Notice that the compiler can figure out how to insatiate the min template implementation without any fancy angle brackets. However, also notice that sometimes, just as with class templates, function templates don’t expand the way we’d like. For example, the min that takes two char* compares two pointer values, not the contents of the strings. A function template can be specialized by merely providing an implementation that takes the types involved:

inline char* min(const char* a, const char* b) {
  return (strcmp(a, b) < 0 ? a : b);
}

In this case, because a version of the function that takes two character pointers already exists, the compiler binds to that one instead of generating another implementation based on the min function template.
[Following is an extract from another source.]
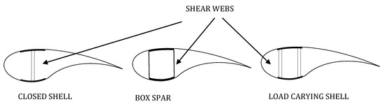 Cross-section of the WTB with different shear web formations.

Member Function Templates

The fun of templates does not stop at global functions. Oh, no. You can create member function templates as well. As of Visual C++ 6.0, the definition of IUnknown has been augmented with a member function template for QueryInterface:

struct IUnknown {
...
  template <class Q>
  HRESULT STDMETHODCALLTYPE QueryInterface(Q** pp)
  { return QueryInterface(__uuidof(Q), (void**)pp); }
}

Before the member function template, all calls to QueryInterface had to be sure to match up the interface type and the interface identifier:

void Fly(IUnknown* punk) {
  IBird* pbird = 0;
  punk->QueryInterface(IID_ICat, (void**)&pbird); // Oops!
  punk->QueryInterface(IID_IBird, (void**)pbird); // Double oops!
  punk->QueryInterface(IID_IBird, (void**)&pbird); // OK
  pbird->Fly();
}

On the other hand, with the QueryInterface member function template, the type of the interface suffices:

void Fly(IUnknown* punk) {
  IBird* pbird = 0;
  punk->QueryInterface(&pbird); // __uuidof uses to determine IID
  pbird->Fly();
}

In effect, member function templates add new member functions of a class, just as function templates add new global functions based on use.

Summary

Templates provide two services. The first is code reuse, but in a different way than inheritance. Inheritance requires a certain type relationship. Templates require only that the compiler be capable of finding the functionality required of the specified type. Inheritance makes type requirements, whereas templates take what types we give them.

The other service that templates provide is efficiency. By mixing in types at compile time, we can use static binding to make decisions at runtime instead of at compile time. This is the key to the promise of smaller, faster code that templates make.